Kebijakan BI lain yang sifatnya makroprudensial adalah dilarangnya bitcoin sebagai alat pembayaran yang sah di Indonesia. Saat BI mengeluarkan kebijakan tadi pada penghujung tahun 2017, pasar bitcoin memang sedang "bergairah".
Pada Bulan September, saat saya masuk ke pasar bitcoin, harganya masih 50 jutaan rupiah per keping. Dua bulan kemudian harganya langsung "terbang" jadi 250 jutaan! Bisa dibayangkan hanya dalam 2 bulan saja kenaikannya mencapai 500%!
BI kemudian memandang bahwa perdagangan bitcoin tadi bersifat spekulatif. Tanpa didasari fundamental yang jelas, pasar bitcoin telah jadi "arena judi". Sebab, orang-orang membeli bitcoin karena ikut-ikutan saja, dan hal itu dikhawatirkan menciptakan "bubble" seperti pasar properti di Amerika Serikat sebelum krisis ekonomi 2008.
Untuk menghindari masyarakat dari kerugian dan menjaga stabilitas sistem keuangan, BI kemudian mengeluarkan peraturan yang melarang penggunaan bitcoin sebagai alat tukar. Bitcoin yang tadinya bisa dipakai membeli barang akhirnya kehilangan fungsinya. Setelah peraturan tadi disampaikan, pasar bitcoin pun "runtuh" pada tahun 2018. Ratusan juta rupiah "menguap" akibat peristiwa tadi.

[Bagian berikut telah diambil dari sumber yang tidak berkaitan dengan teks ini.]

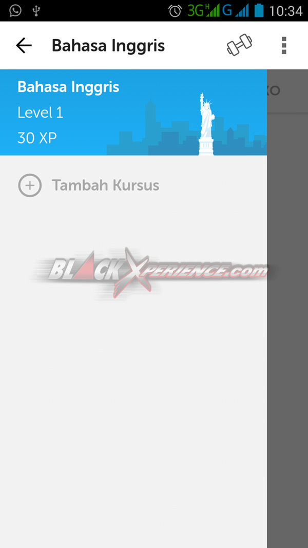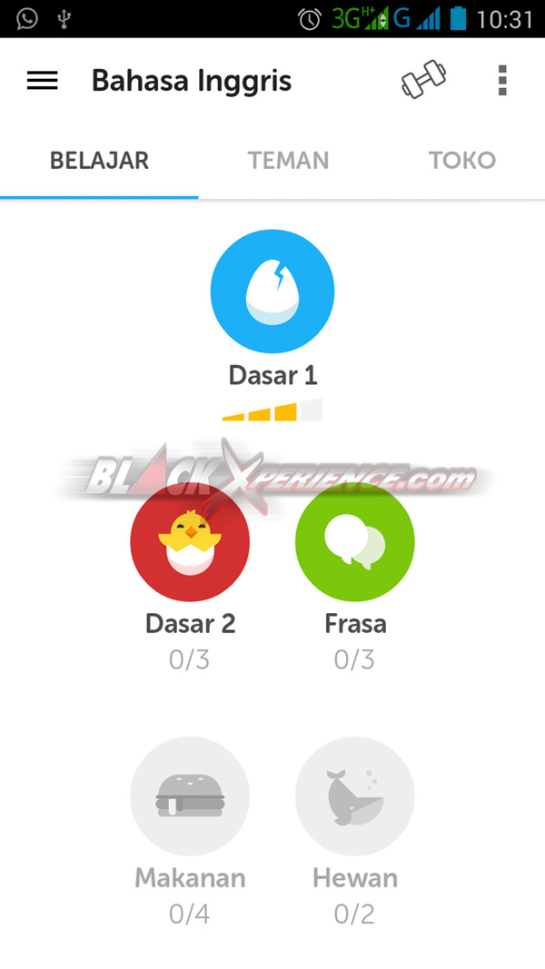 Di pojok kiri atas ada menu untuk menambah jumlah bahasa asing yang ingin dipelajari pengguna. Lalu menu utamanya ada modul pembelajaran yang bisa diakses langsung. Setiap modul berisi sedikitnya 3 latihan belajar bahasa asing.

Dari kasus bitcoin, sebetulnya sudah mulai tampak bahwa "tsunami ekonomi" yang terjadi pada masa depan mungkin akan banyak berasal dari produk-produk yang diperdagangkan secara daring (online), seperti cryptocurrency.

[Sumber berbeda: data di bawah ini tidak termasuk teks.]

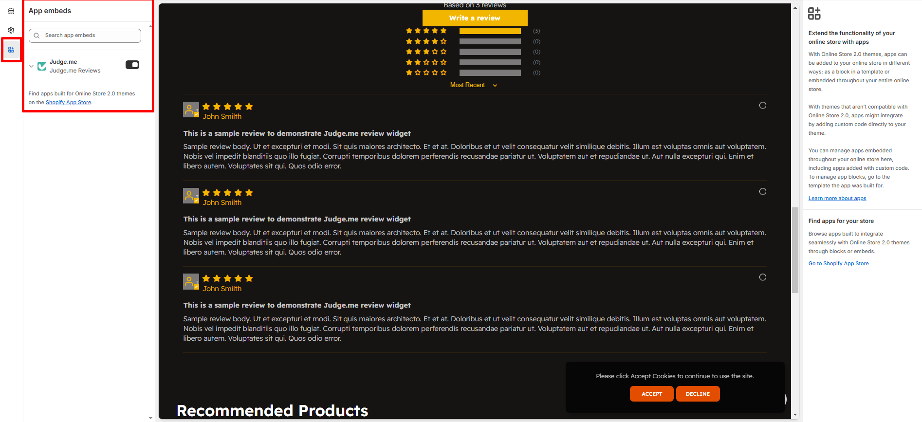 Follow the setup instructions to add the review section to your product pages (App Integration)

Meskipun melarang sebagai alat tukar, bukan berarti BI turut "memberangus" perdagangan cryptocurrency. Perdagangan tadi masih boleh dilakukan. Makanya, sampai tulisan ini dibuat, bitcoin dan kawan-kawannya bebas diperjualbelikan di pasar masing-masing.
Bagaimanapun, krisis keuangan adalah sebuah keniscayaan. Ia akan selalu terjadi di mana pun dan kapan pun. Kita sulit menolak kedatangan krisis tadi. Namun, bukan berarti kita tidak bisa mengantisipasinya.